The museum consists in several founds, the largest one being the collection left by the tenor Evan Gorga (1865-1957). Gorga was a lover of collecting: among the large quantity of pieces he collected the most important part was formed by musical instruments.
During his life, due to economical difficulties and space problems he was forced to deprive himself with of about a half of this collection. Nonetheless he left a group of about 3.000 pieces to State that, by a convention on 1949, agreed to pay his debts and to give him a life allowance.
After many vicissitueds, mainly due to the difficulties in finding a seat, the collection of musical instruments was gathered in a museum that was instituted in 1974 in Rome on the initiative of Luisa Cervelli, who directed it until she was succeeded by Antonio Latanza, the current director. During this period some important musical instruments have been acquired, among these there are the Barberini enharmonic harp, dating back to early 17th century, and a piano by Bartolomeo Cristofori.
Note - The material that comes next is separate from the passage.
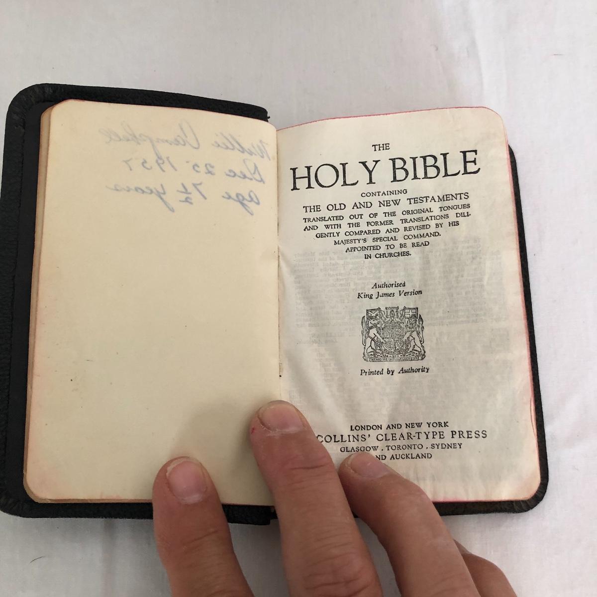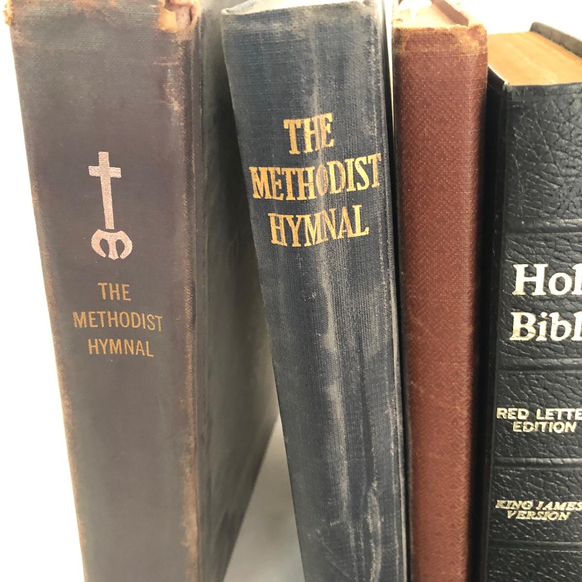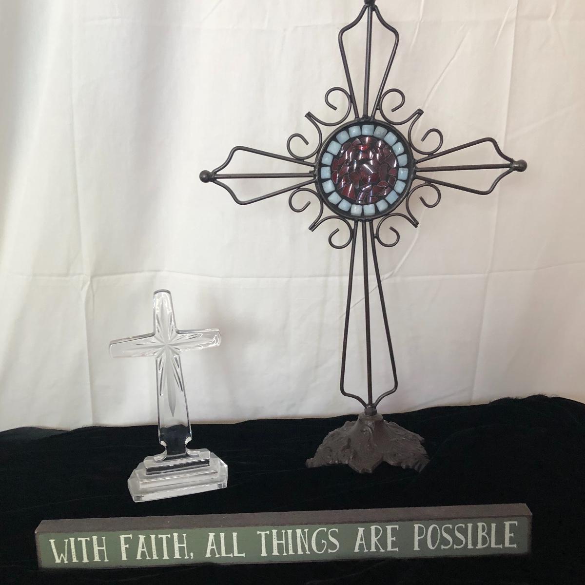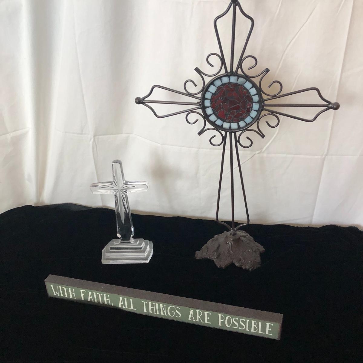 This lot includes two crosses, a wooden sign and seven books, four of which are Bibles. Shipping Available.

At present the museum patrimony comprises about 3.000 pieces: 840 of them are exposed in the 18 halls of the first floor, the remaining ones are shared between the second floor and the store.
Besides the instruments of the western music the collection includes a section devoted to instruments of ancient cultures (Egyptian, Greek, Roman) and one to instruments of non-European countries (China, Japan, Laos, India, Arabia, Turkey, Persia, America, Africa, Oceania).